The COVID-19 pandemic over recent years has impacted the construction progress of offshore wind farms around the world. With that being said, Taiwan, after completing 43 wind turbines for the first phase of the demonstration project at the end of 2021, had fully concluded construction and parallel connection for all 47 wind turbines of Formosa 2, the third offshore wind farm in Taiwan, on March 21st. The offshore wind farm will now join in on the generation of green electricity.
Formosa 2 is an offshore wind farm jointly invested by JERA (49%), Macquarie Group (26%), and SRE (25%), and consists of 47 wind turbines at 8MW each that combine to 376MW in total installed capacity, providing clean wind energy for about 380K households each year.
Maritime engineering for offshore wind power is often much more complex compared to that of onshore wind power. First, one must overcome the offshore working environment, where operators are required to operate cranes on undulating ships, which must return to the port immediately during strong wind and waves. Second, wind turbine components and underwater foundations can weigh several thousands of tons, and must be meticulously arranged for transportation from ports to the site of wind farms, as well as assembly, installations, and constructions, in order to avoid severe differentiation in installations.
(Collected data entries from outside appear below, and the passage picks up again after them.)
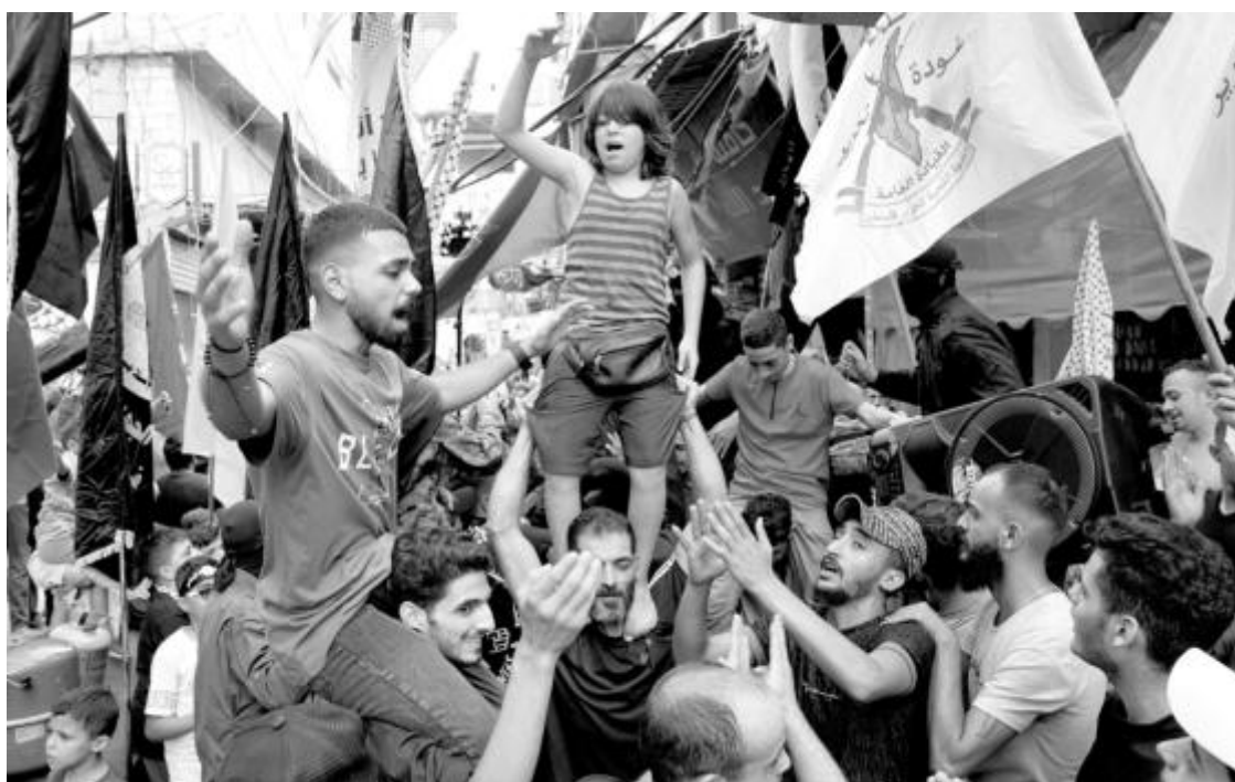
Палестинци, настанени в бежански лагер в ливанската столица Бейрут, се радват, че военната групировка „Хамас“ е нанесла удари по ивицата Газа. Атаките са били по въздух, вода и суша

ЕС и редица държави обявиха, че осъждат атаките на „Хамас“ и призовават за спиране на насилието. Първият дипломат на Евросъюза Жозеп Борел написа в социалната мрежа Екс: „Осъждаме недвусмислено атаките на „Хамас“. Това ужасяващо насилие трябва да бъде прекратено незабавно. Тероризмът и насилието не разрешават нищо“. Германия осъжда категорично терористичните атаки, идващи от Газа срещу Израел“, заяви външната министърка Аналена Бербок. „Потвърждаваме отново отхвърлянето на тероризма и привързаността си към сигурността на Израел“, се казва в изявление на френското външно министерство.
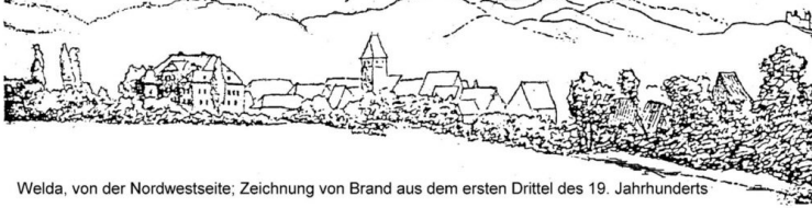
Welda, von der Nordwestseite; Zeichnung von Brand aus dem ersten Drittel des 19. Jahrhunderts

Die fünfte Ausgabe vom Juni 1989 widmet sich dem Weldaer Gemeindehaushalt im Jahr 1684 sowie den Einquartierungen im Spanischen Erbfolgekrieg 1701 – 1714
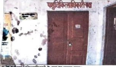
मुजेहना में पशुओं के टीकाकरण के काम पर संकट है।

आजारा, भंडादरगा। मुजेहना ब्लॉक में पशुओं के टीकाकरण के काम पर संकट है। 35 हजार से ज्यादा पशुओं के इलाज पर संकट है।
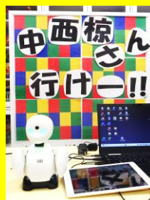
オリヒメ 分身ロボットOriHime
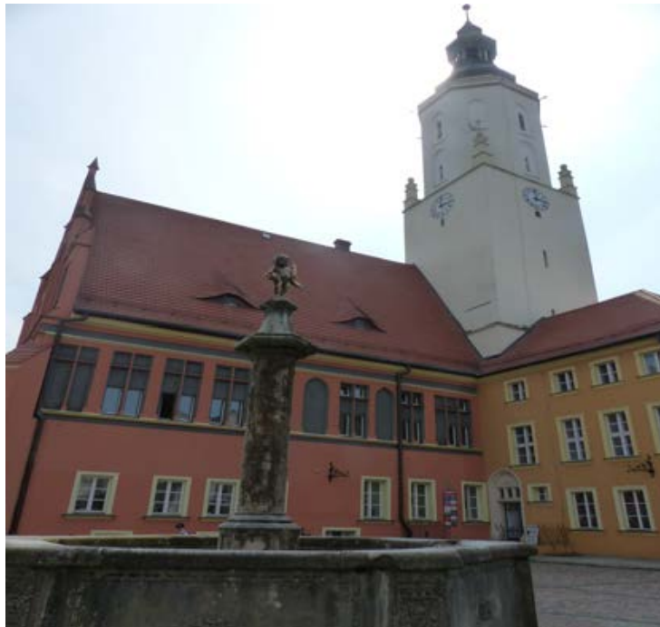
Blick zum Rathaus

Nach unserem Schulbesuch sehen wir uns in der Katholischen Kirche um. Die Kirche ist wunderschön gestaltet, da in dieser Zeit die Kommunionen stattfinden. Weiter bummeln wir zum Rathaus. Wir sprechen bei den Beamten des Archivs vor. Leider kann man uns in unserer Angelegenheit nicht helfen, gibt uns aber eine Adresse für das Archiv in Oppeln (Opole). Nun sehen wir uns den Markt/Ring (Rynek) an, essen ein typisch polnisches Mittagbrot in einem Bistro.
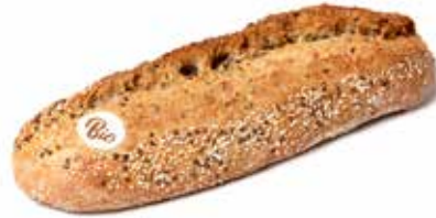
214427 BÛCHERON BIO MULTI-CÉRÉALES LUMBERJACK BIO MULTI-GRAIN
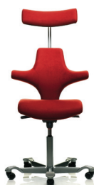
HÅG Capisco 8127
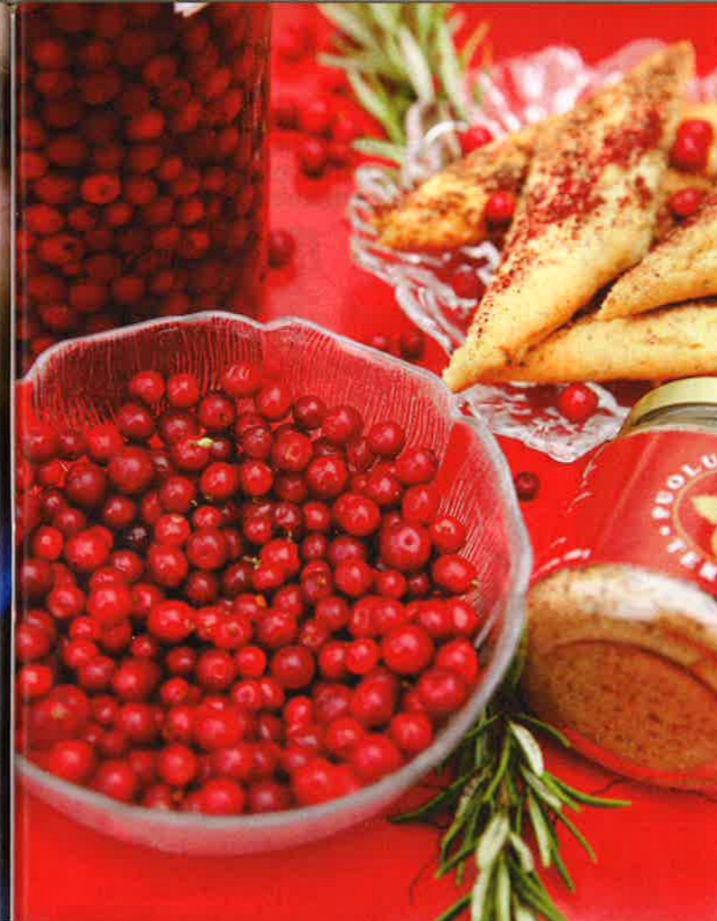
Puolukka on Tertissä monipuolisesti käytössä. Talveksi sitä säilötään muun muassa perinteisesti vesipuolukkana.
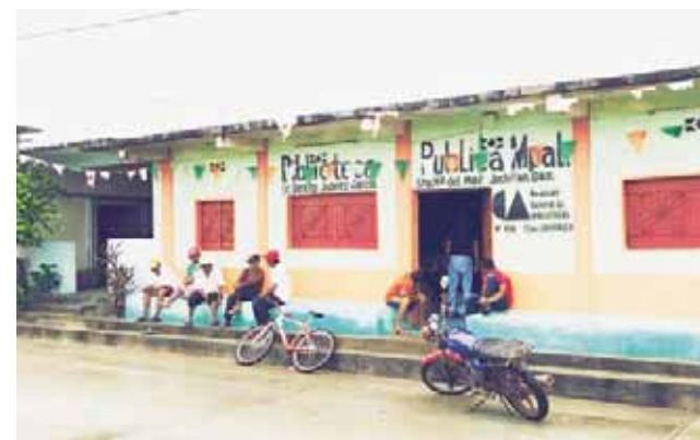
► Los pobladores ya están desesperados ante la falta de atención.
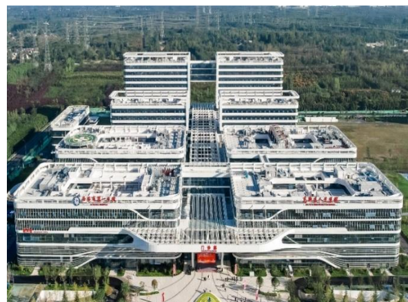
西安高新区医疗产业园项目

夯实根基，项目管理持续优化。 制订《项目履约品质综合评价管理办法》，从工期管理、技术质量管理、安全管理、文明施工及环境保护管理、现场 CI 形象管理、客户满意度等维度科学评价，全方面提升项目基础管理和履约能力；修订《施工现场临时设施管理标准》，以标准促规范、用标准抓落实，控制临设投入规模和标准，全面提升项目标准化、精细化、绿色化管理水平；组织项目参加省市级观摩样板工地交流，通过督导服务、检查评比和交流学习，西安地铁 10 号线、未来之瞳、西安国际足球中心等一批重点信誉工程按期或超前完成目标，受到省市各级领导和业主的高度赞誉；陕西省住房和城乡建设厅授予 2022 年第二、三批省级文明工地称号 238 个，其中公司及子公司创建 85 个，占全省的 35.71%。
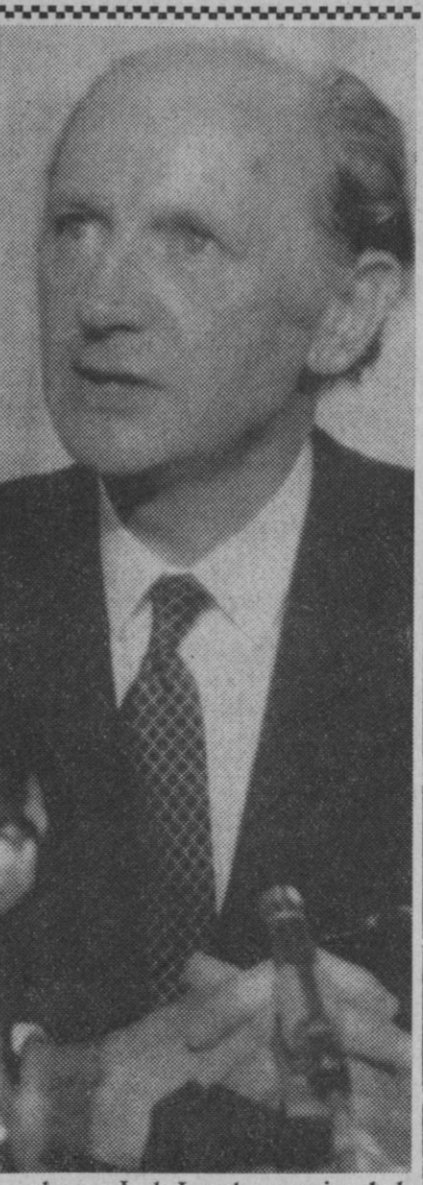
Londres.—Jack Lynch, premier de la República de Irlanda, en la rueda de prensa celebrada después de su entrevista con Edward Heath. No hubo ningún acuerdo para tratar de poner coto a la situación en Irlanda del Norte.

CONDUCTOR: Cuando vaya a efectuar un adelantamiento recuerde que una justa valoración de la distancia es de la mayor importancia
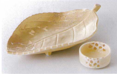
05705-336 2,800円 253301414 黄マツ金たたき木ノ葉皿(大)(250×150×50mm) 05706-336 2,400円 253301415 黄マツ金たたき木ノ葉皿(小)(205×123×50mm) 05707-336 1,000円 253301416 黄マツ金たたき丸千代口(60×30mm)
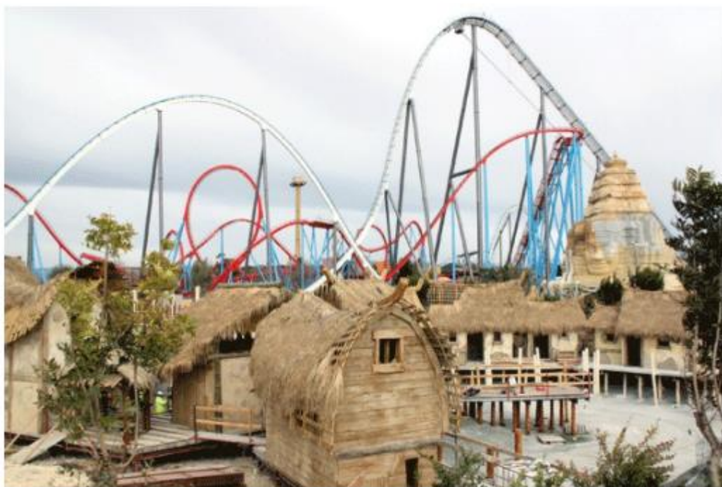
El parc temàtic de PortAventura, en una imatge d'arxiu.
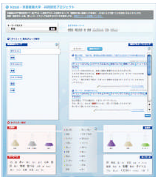
図4：高信頼性ブログコンテンツの呈示システム
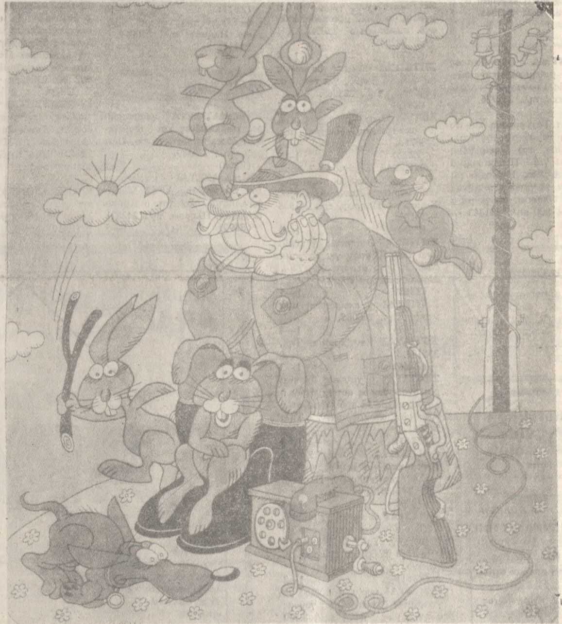
Αφιερωμένο στους Κυνηγούς.

Προσωπικά εγώ δεν έβγαλα σαν παιδί ποτέ ξύλο. Και δεν είμαι κακοαναθρεμμένη. Δεν έβγαλα όλα αυτά που επικαλούνται όσοι πιστεύουν ότι το ξύλο βγήκε από τον Παράδεισο. Κι ακόμα, ποτέ δεν έχω δειρει παιδί, κι ως είμαι και νευρικότατη. Κι εξακολουθώ να πιστεύω ότι τα παιδιά χρειάζονται ό,τιδήποτε άλλο, εκτός από ξύλο.
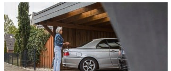
Mehrere Leuchten von oben sorgen für gutes Licht im Carport.
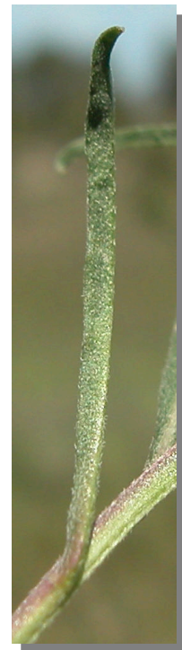
E. incanum . Detalle de hojas superiores
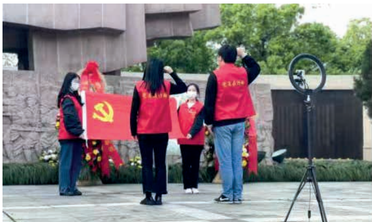
学生在开展“缅怀革命烈士 赓续红色血脉”——“云祭祀”活动，向英雄们致敬。

活动现场，鹿城供电分局志愿者还向当地群众发放安全用电宣传手册，讲解各类防火和电力设施保护知识，并倡议群众减少集聚性祭祀活动，将传统祭扫形式转为网上祭奠、家庭追思、鲜花祭祀等简约方式缅怀先人、寄托哀思，助力营造文明、环保、安全的祭祀氛围。
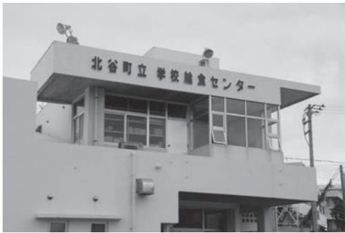
立て替えが決まった給食センターの設備は

問 コスト削減の為、デリバリー方式が採用され、不満が殺到しているという声を聞くことがあるが、食育の意味からも炊飯設備の維持は必要だと思ふが。 答 北谷町立学校給食センター施設整備事業の基本構想から検討課題として引継ぎ、現在、炊飯設備の有無による効果や影響などについて、調査検討を進めている。 問 本町の①児童生徒②職員の朝食の摂取率は。 答 ①小学校1年から中学校3年生を対象に行った調査で、小学校で「毎日食べる」児童は1千697人(87%)で、昨年度86.2%、「食べる」と「多い」児童は185人(9.5%)、昨年度は9.3%でありました。中学校は「毎日食べる」と回答した生徒は765人(79.9%)で、昨年度76.7%、「食べる」と「多い」生徒122人(12.7%)、昨年度は9.3%。各小中学校とも昨年度より今年度の摂取率は高まっている。 問 アンケートの調査はしていない。
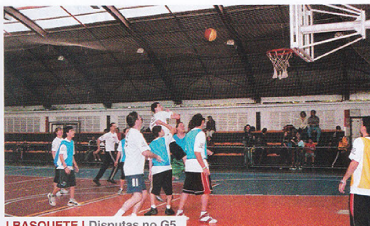
I BASQUETE | Disputas no G5
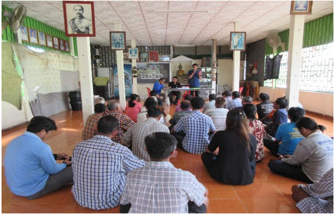
ได้รับคำแนะนำและประสานงานจัดตั้งเป็นกลุ่มนาแปลงใหญ่
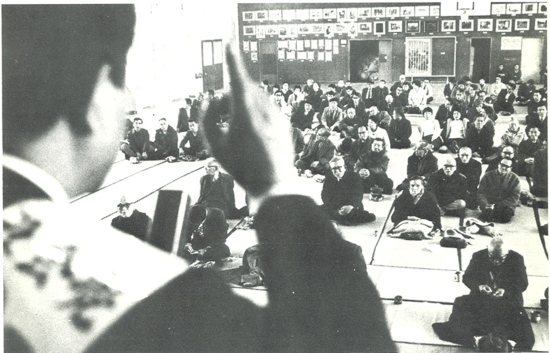
立会演説会
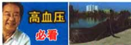
高血压发病根源大揭秘 动物园抓获百米巨蟒
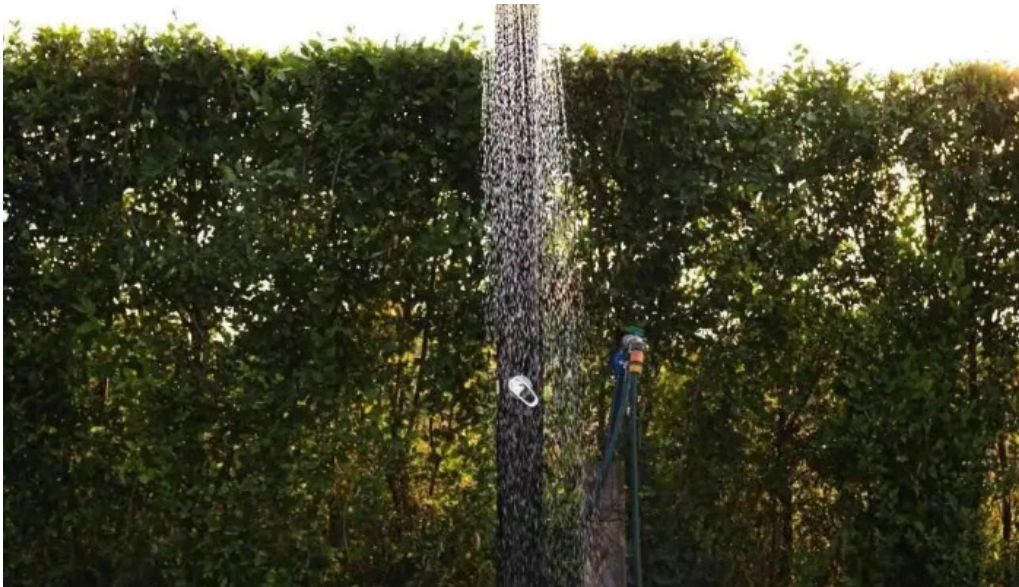
Orastioara retreat exterior
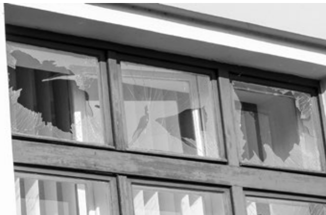
Tlaková vlna způsobila vysklení několika oken OÚ

As pointed out by the Ministry of Economic Affairs (MOEA), not only can the public see the first offshore wind farm in Taiwan, which consists of single-pile wind turbines for Formosa 1, when standing at the Longfeng Fishing Port or cycling through the Zhunan Green Light Sea Breeze-Bicycle Path, but also overlook the jacket wind turbines of Formosa 2, where the installed capacity of a single wind turbine has risen from 4MW (2 units) and 6MW (20 units) during the demonstration phase to 8MW (47 units) for the stage of potential site.
As for JERA’s announcement on selling 44% of its shares from Formosa 3, MOEA explained on 24th that individual companies should be respected for their respective financial plans, and that Taiwan continues to welcome foreign investment in offshore wind power from major suppliers around the world.